Sunday, December 10, 2017 9:43:25 PM

Post# of 21531
You're right about that. Not many brave enough to target severe. I think Alkon did the right thing by going after that sector. No questions as whether individuals had been misdiagnosed or issues like that. I do however think they may have made a mistake with the original trial design as far as alternating the 20 and 40 doses over 12 week intervals. I understand the hope of the larger dose providing even better results but 20 to 25 ug had been used with significant improvements on the compassionate use patients and at a minimum, they already new side effects would be worse with the higher dose.
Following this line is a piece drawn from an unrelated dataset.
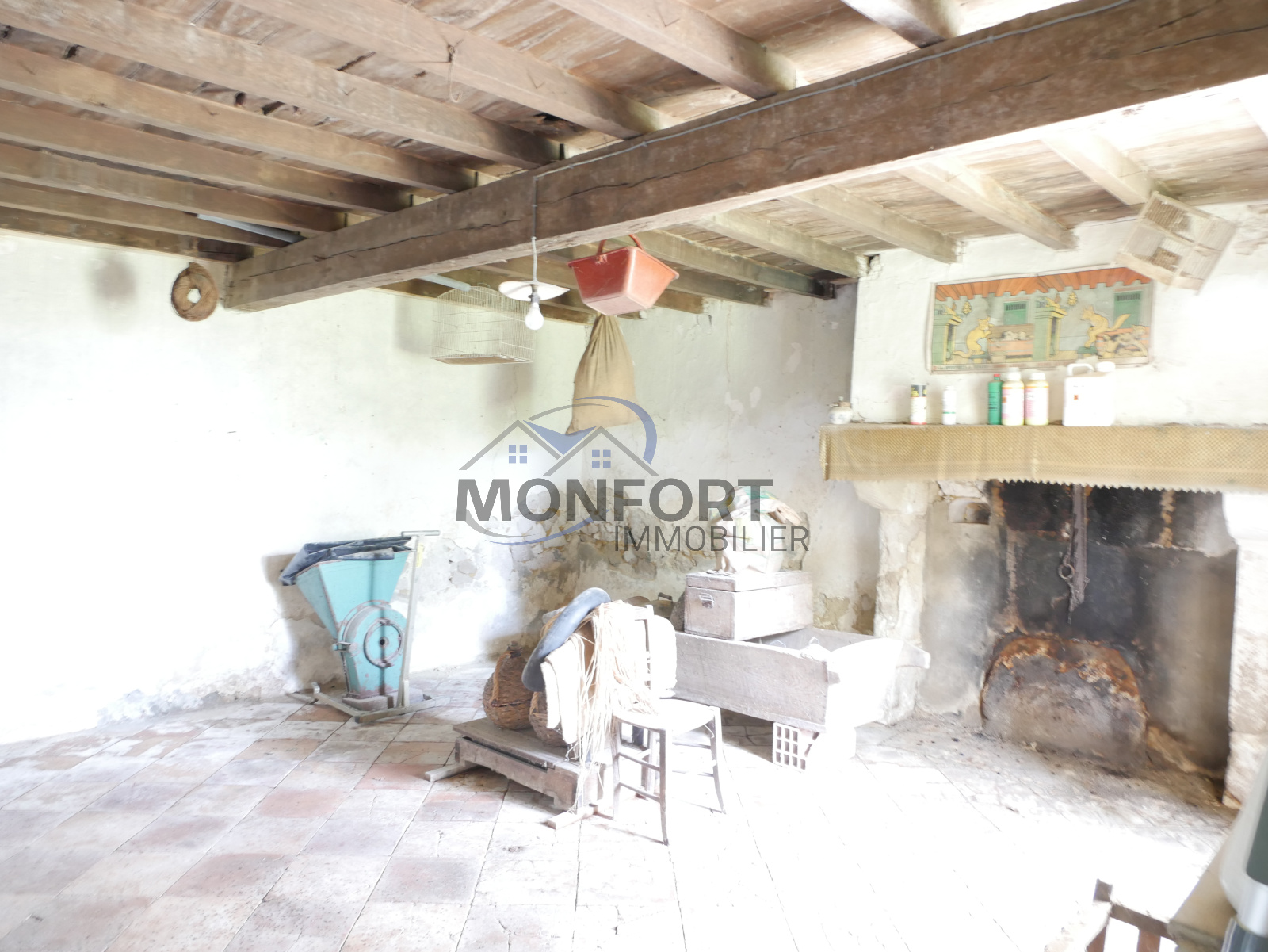 À l’intérieur, les éléments d’origine – pierres apparentes, volumes généreux et authenticité préservée – témoignent du caractère unique de cette maison chargée d’histoire.
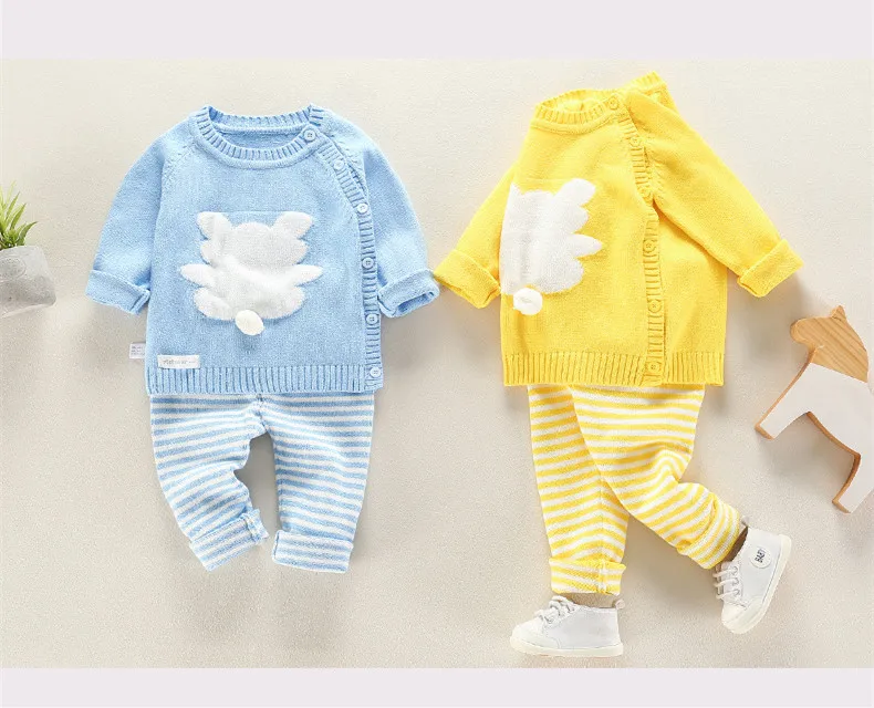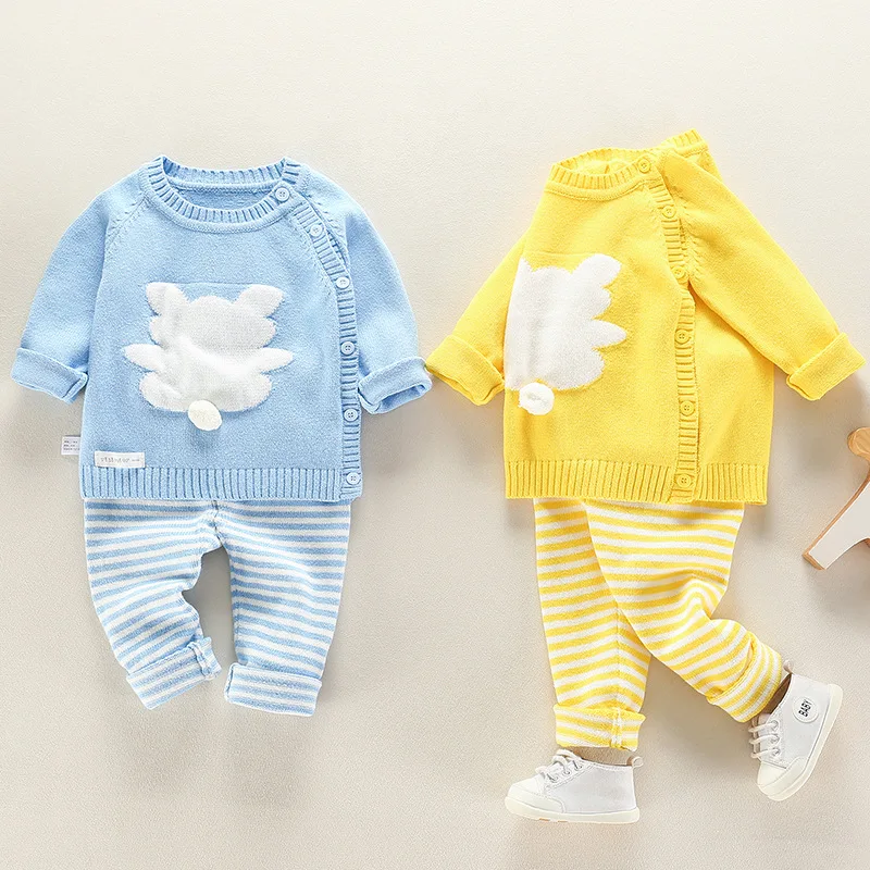 Одежда для малышей; Вязаный свитер; Детская верхняя одежда; Сезон весна-осень; Новинка 2021 года; Костюм с круглым вырезом и цветочным принтом

I mean the company now knows what dosage to use going forward which is a big plus, but they still need to come up with optimal intervals to give the drug. If they had to revise the trial midstream due to 40 ug side effects, which apparently they did, it would have been really beneficial to bump the 20 ug patients from 12 to 24 weeks while they already had them on the drug. Looking at the CU patient results, the averages of the 35 or so patients on the 20 ug in the 2b study seem to match up well and if that pattern held (which is certainly suggested from the data presented in July regarding the 17 week data point and comments made by Wilke earlier) then a 24 week study could have been blockbuster for us. Instead its caused a major delay.

Can't wait to see further results as the 10q stated. Would really like to see if any larger response in APOE4 patients. Wonder if this could be a reason for Dr. Perry signing on?